Looks Outstanding, Charlie!!
Nice Job!
Like.

Bear


----------



## WaterinHoleBrew (Apr 29, 2022)

My kind of meal right there, nice job!


----------



## Steve H (Apr 29, 2022)

Man-o-man! That will be done as soon as I can find decent corn on the cob. Awesome idea. And it looks out of this word.


----------



## smokerjim (Apr 29, 2022)

Looks excellant!


----------



## tx smoker (Apr 29, 2022)

That is so creative, so cool, and looks absolutely fantastic!! About the best looking skewers I've ever seen....but I love Cajun inspired food so it'd stand to reason    Very well done

Robert


----------



## kilo charlie (Apr 29, 2022)

Bearcarver said:


> Awesome!!
> Looks Outstanding, Charlie!!
> Nice Job!
> Like.
> ...


Thank you Bear!


WaterinHoleBrew said:


> My kind of meal right there, nice job!


Thank you!


Steve H said:


> Man-o-man! That will be done as soon as I can find decent corn on the cob. Awesome idea. And it looks out of this word.


Thank you! I was surprised the store had fresh corn already!


smokerjim said:


> Looks excellant!


Thank you!


tx smoker said:


> That is so creative, so cool, and looks absolutely fantastic!! About the best looking skewers I've ever seen....but I love Cajun inspired food so it'd stand to reason    Very well done
> 
> Robert


Thank you Robert! Tha Cajun Butter goes so well with this whether is boiled, broiled or grilled!


----------



## motocrash (Apr 29, 2022)

kilo charlie said:


> and it's time to eat!


I bet it _was _!
Not big on chicken sausages, but I'd surely mow down a few sticks of those.


----------



## kilo charlie (Apr 29, 2022)

motocrash said:


> I bet it _was _!
> Not big on chicken sausages, but I'd surely mow down a few sticks of those.


Thank you and surprisingly I find the Chicken Andouille to have a great flavor.
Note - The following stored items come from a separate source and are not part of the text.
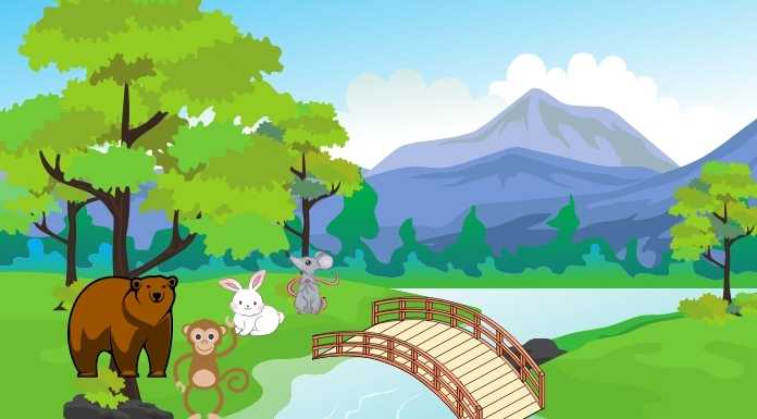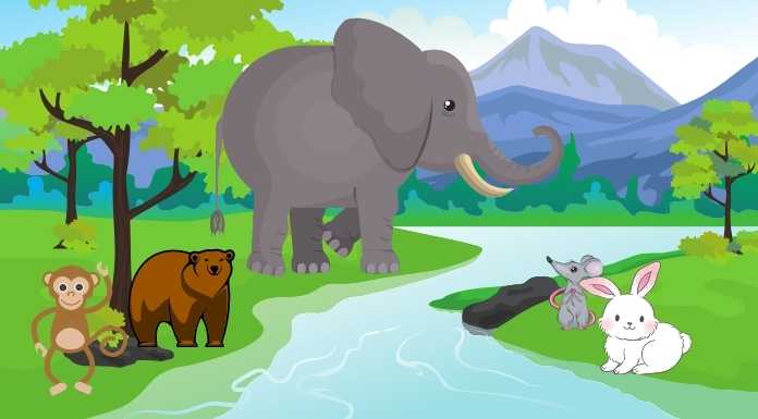 ณ ที่แห่งหนึ่ง มีแม่น้ำสายเล็กอยู่ในป่าใหญ่ แม่น้ำนี้ไม่กว้างใหญ่นัก ลิงน้อยกับหมีน้อยสามารถกระโดดข้ามไปได้ แต่กระต่ายน้อยสีขาวและเจ้าหนูน้อยกับไม่สามารถข้ามไปได้ เพราะว่าตัวของพวกมันนั้นเล็กเกินกว่าที่จะโดดข้ามลงไปในแม่น้ำ และมักจะเก้ๆกังๆอยู่แถวริมน้ำเป็นประจํา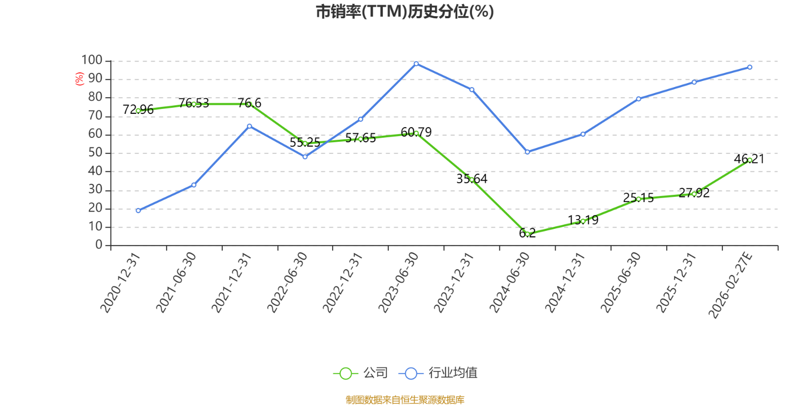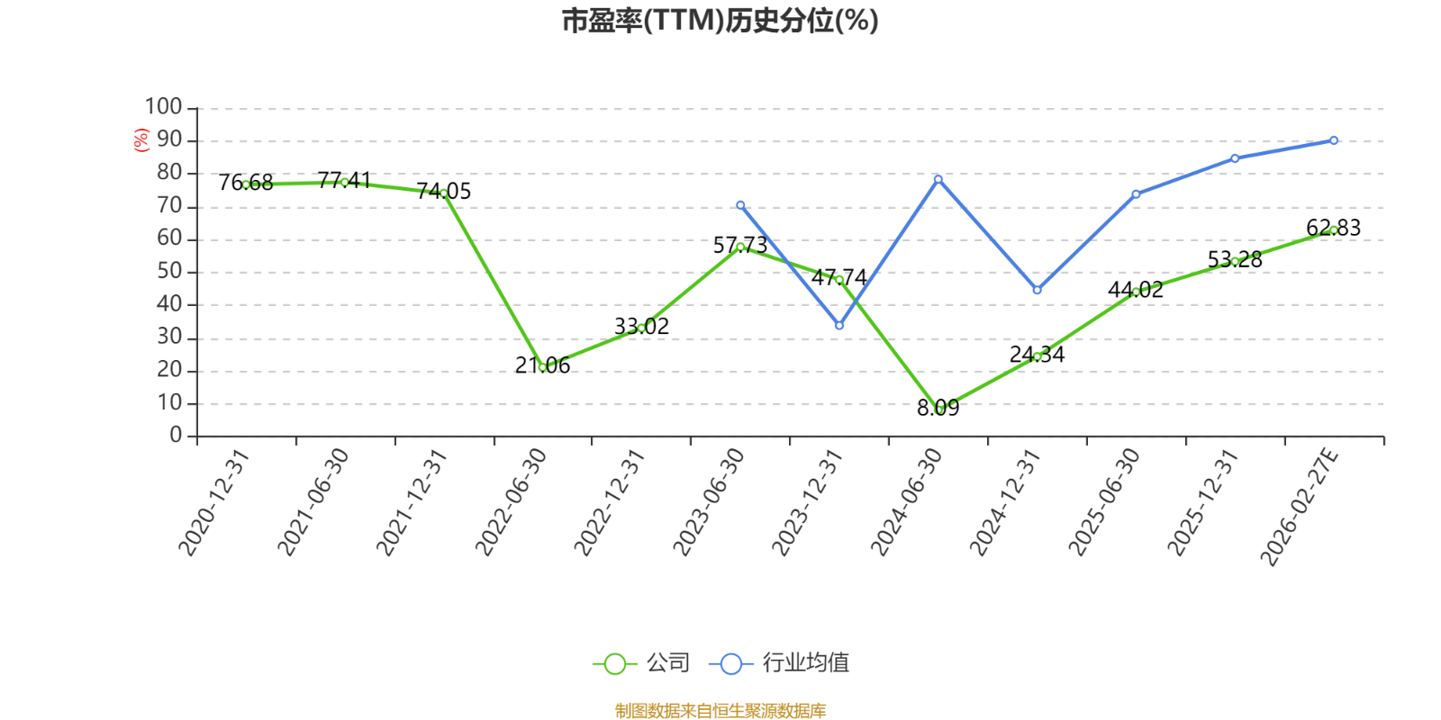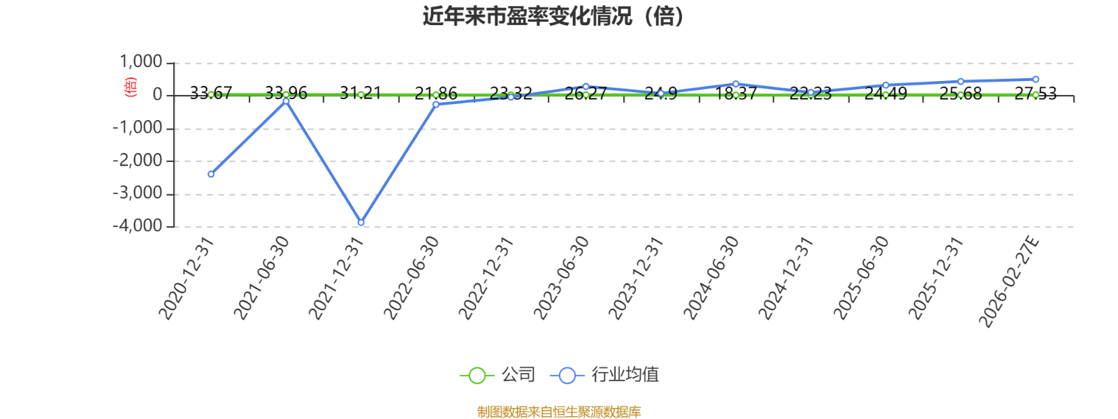 市盈率、市净率为负时,不显示当期分位数,会导致折线图中断。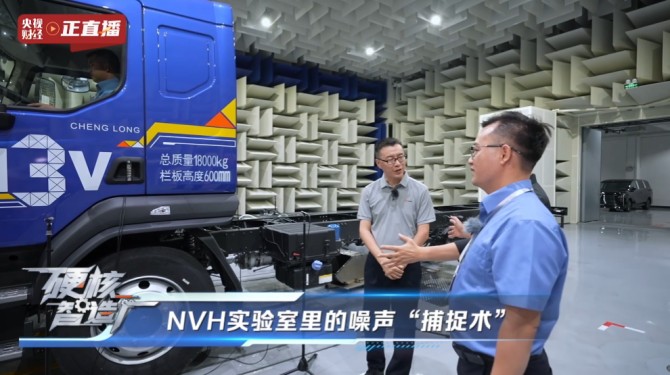 在NVH實驗室,消聲室的墻體采用雙層隔聲結構,內壁、頂部鋪設吸聲尖劈,可以將99%以上的聲波反射消除,背景噪聲可低至17分貝。在這里,工程師們通過噪聲源定位、傳遞路徑分析、響應分析等試驗技術,對車輛進行“診斷”和優化。例如,乘龍M3燃油車怠速噪聲大概在52分貝,相當于家里洗衣機工作的音量;時速80公里行駛時,車內噪聲在64分貝以下,可以媲美乘用車SUV的靜音水平。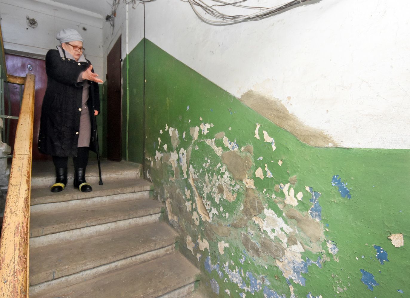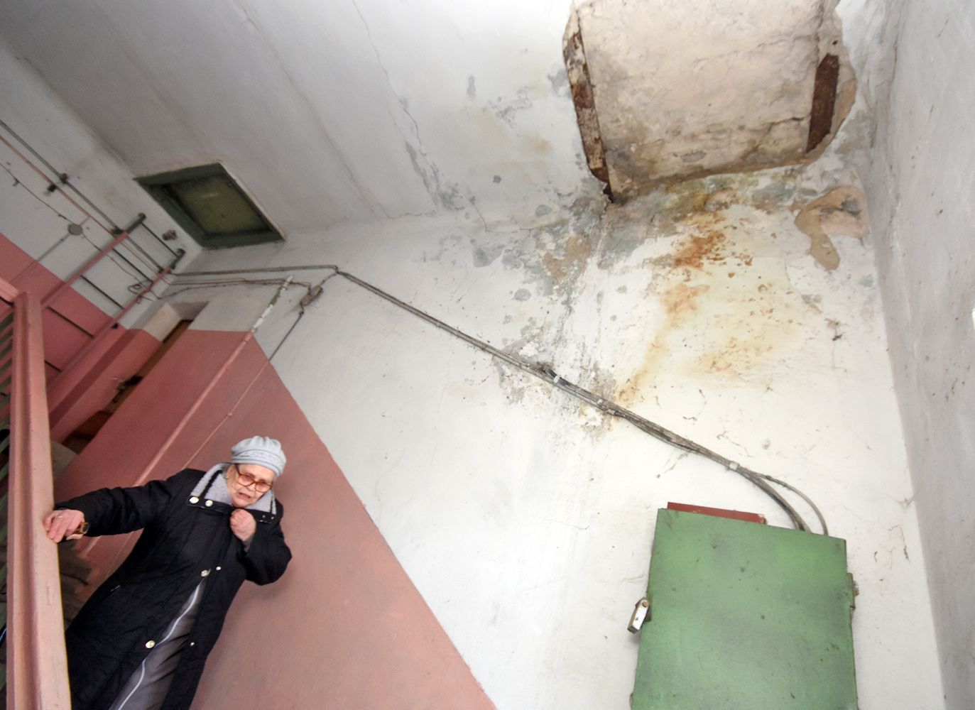 Мы познакомились с жительницей 1-го подъезда, пенсионеркой Светланой Родионовой, которая проживает в доме с 1969 года. Женщина встретила корреспондентов «МОЁ!» оптимистично: «Хорошо, что вы не спускались по нашему подъезду в ночь с 5 на 6 февраля, иначе бы кусок штукатурки точно упал бы на ваши головы». Женщина показала пальцем на потолок подъезда: прямо над нашими головами зияла дыра, из-под которой выглядывала дранка. Большой кусок штукатурки (примерно метр на метр) упал отсюда несколько лет назад, а уголок поменьше (килограммов на пять) свалился в недавнюю февральскую ночь. Почему всё рушится, понятно: дом аварийный, а значит, «безнадёжный», как больной в хосписе, и какая УК будет вкладываться в ремонт того, чего скоро не будет вообще. Впрочем, «скоро» — понятие относительное.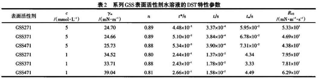 以GSS271为例,浓度越高,表面活性剂分子的扩散推动力越大,于气液界面吸附越快,DST下降越显著,因而诱导区结束的时间越早,越易达到介平衡,这与γm、ti、tm较小吻合;t*值随浓度增大而减小,表明吸附后期势垒随浓度增大而增大,因为浓度较高时,更多的GSS271分子吸附于表面,由于空间位阻、分子间静电斥力的影响,阻碍了新的GSS271分子吸附,吸附势垒变大。浓度高时,R1/2大,动态表面活性好。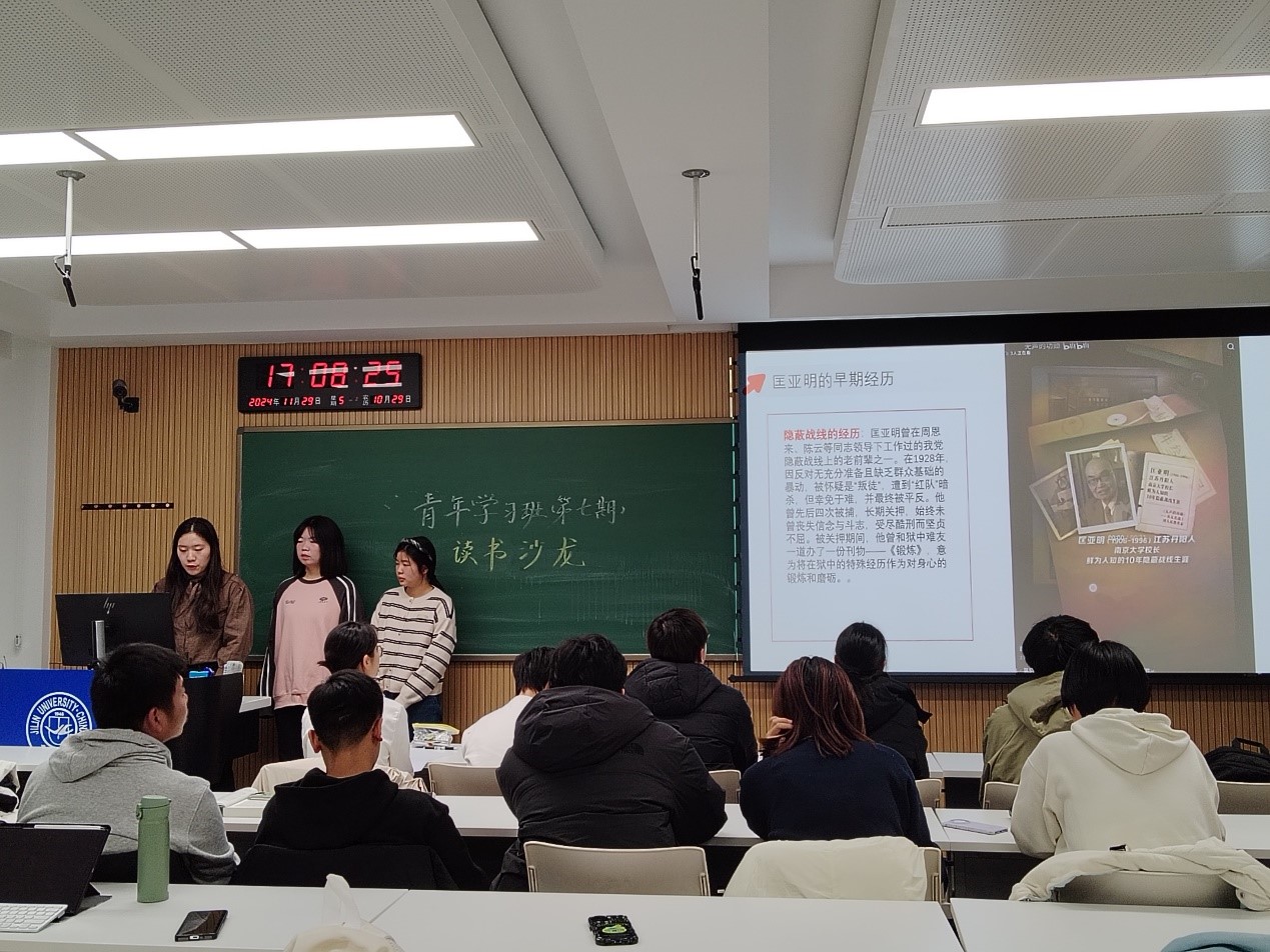 裴嘉琳(2023级本科生)为领学人,带领大家初探“北上精神”。裴嘉琳对作者鲍盛华及本书的创作背景、内容梗概进行详细介绍,让学习班成员走入历史,深刻体会先生们的担当和风骨。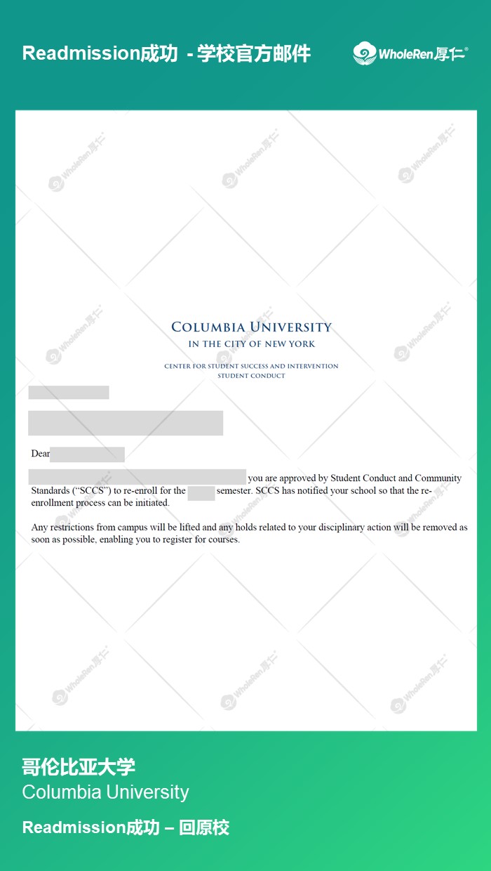 【哥大】G同学考试时作弊被停学一年帮助后顺利Readmission回原校

I've also been getting fresh sausages from a local butcheshop that are flavored with blue cheese and black pepper... such an amazing combination!


----------



## DRKsmoking (Apr 29, 2022)

Now that is just great summer time food for sure.
looks great and I bet tastes real good with the Cajun butter

David


----------



## kilo charlie (Apr 29, 2022)

DRKsmoking said:


> Now that is just great summer time food for sure.
> looks great and I bet tastes real good with the Cajun butter
> 
> David


Thank you and it was great and quick too!


----------